The Mishnah is a recording of Jewish oral law collected between 70 CE and 200 CE by many generations of Rabbis. Its name means "repetition".

The etymology of the term comes from the Semitic root TH-N. In Hebrew, the TH sound in other Semitic languages becomes a SH sound. For example, Hebrew for the numbers 2 and 3 is Shnyim and Shalosh, while the Arabic equivalent is ITHNAYN إثنين and THALATHA ثلاثة.

So, if we were to write Mishnah in the more common Semitic form in Arabic letters, it would be approximated to: MITHNAH مثناه or مثنى. This last form appears in the Quran three times, pronounced MATHNA and spelled the same as مثنى when having no diacritics (Tashkeel), and meaning "two" or "dual".

Jalaludin Rumi's Masnavi

Masnavi is the magnum opus of Jalaludin Rumi, a Persian Sufi master who lived in Asia Minor. Its full name is Masnavi e-Ma'nawi مثنوي معنوي. It is composed in couplets, where the second half of the verse rhymes with the first from which it derives its name.
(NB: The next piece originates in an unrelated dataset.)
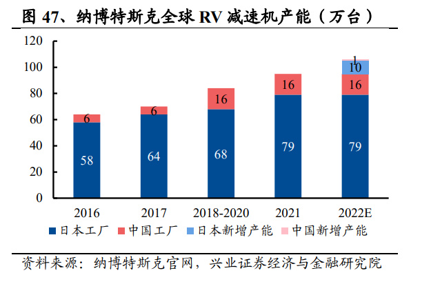 构建覆盖面广、管理水平高的全球化服务和生产网络是各大减速机厂商的常用发 展战略。哈默纳科在全球共有 11 家子公司,通过在当地建立分公司及办事处来保 证公司的服务质量。向客户提供全方位的售前、中、后服务,可以有效地提高客 户粘性。对经销商进行培训能改善经销商的服务质量,提高客户口碑和获客能力。 经销商的管理水平也会影响到公司的经营周期,继而影响收入质量。纳博特斯克 积极拓展产能,贴近下游需求,除日本本土外,纳博特斯克还在中国常州建有工 厂,有助于技术服务的本土化落地及增强客户粘性。据纳博特斯克披露,预计 2022 年全球总体产能增至 106 万台。

The name "Masnavi" is the Persian pronunciation of the Arabic word Mathnawi. The TH sound is rendered as S (much like modern spoken Arabic dialects, e.g. in Egypt), and W is rendered as V, a common thing in many languages (e.g. Polish, Farsi, Hindi). The couplet rhyme derives from the Arabic THANI (ثاني second), also from the same Semitic root: TH-N.

Other derivations

Other interesting derivation of the same Semitic root is are Muthanna مثنى meaning second, and a common ancient Arab male name. One such person is Al-Muthanna ibn Haritha, who lends his name to the modern governorate of Al-Muthanna in Iraq. It is also the modern word for the grammatical number of 2 in Arabic, in addition to the singular and plural forms.

The content of the two works are vastly different, although both are religious in nature and origin. However, the non obvious etymology is much closer than one thinks at first.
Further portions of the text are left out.